Question

Calculate the percent yield of the aldol condensation-dehydration reaction.

I did the following

Put 0.8 mL aldehyde, 0.2 mL ketone, 4 mL ethanol, 3 mL of 2M sodium hydroxide in a flask. Then swirled it for 15 min. Then I added 6 mL ethanol and 4 mL of 4% acetic acid. I put the solution on ice and crystals formed. I ended up with 0.305 g of product. Please show me how to calcualte my percent yield for my product.

Answer 1

Only the cross aldol product will result as aldehyde has no alpha H and ketones are less reactive in self aldol condensation.

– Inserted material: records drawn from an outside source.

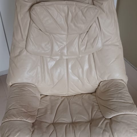 Myydään hyväkuntoinen Ekornes Stressless nahkatuoli rahilla, rahin mitat 40 x 50 x 40 cm (k x l x s).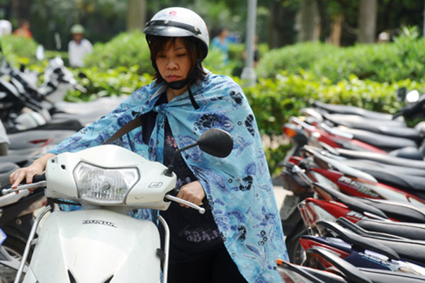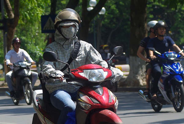 Áo chống nắng, khẩu trang kín bưng là hình ảnh thường thấy của phụ nữ Hà Nội những ngày nắng gắt.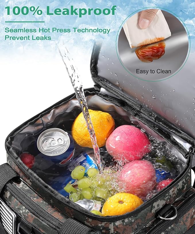 - 【Leakproof & Water-Resist】 The inner layer of the lunch cooler bag is made of extra thick and soft PEVA material. This material is seamlessly ultrasonically welded and offers 100% impermeability and tear resistance. It is also very easy to clean. The outer layer of the lunch bag is made of tear-resistant, high-density 600D Oxford fabric that protects the lunch bag's contents from rainwater spills.

Let us calculate masses of aldehyde and ketone from given volumes and densities

Mass = Density x volume

For aldehyde, density = 1.019 g/mL and volume = 0.8 mL

So Mass of an aldehyde = 0.8 x 1.019 = 0.8152 g

For ketone, density = 0.791 g/mL and volume = 0.2 mL

So. Mass of ketone = 0.791 x 0.2 = 0.1582 g

Total mass of aldehyde+ ketone = 0.8152+0.1582 = 0.9734 g of reactants.

From mechanism it is clear that 1 mol aldehyde + 1 mol ketone = 1 mole enone product

i.e. 120 g aldehyde + 58 g ketone = 178 g reactants gives 160 g enone product

so we can write, 178 g reatants = 160 g enone product

Then, 0.9734 g reactant = say ; Mcal' g enone product

so, Mcal = (160 x 0.9734) / 178

Mcal = 0.875 g of enone product

But practically observed weight of enone product is (say) Mobs = 0.305 g

Then % yield calculated as,

% yield = (Mobs/Mcal) x 100

%yield = (0.305/0.875) x 100

% yield = 34.86 %

The % yield of the aldol condensation-dehydration reaction between 4-Methylbenzaldehyde and acetone gives 34.47 % yield of the product 4-p-Tolylbut-3-en-2-one.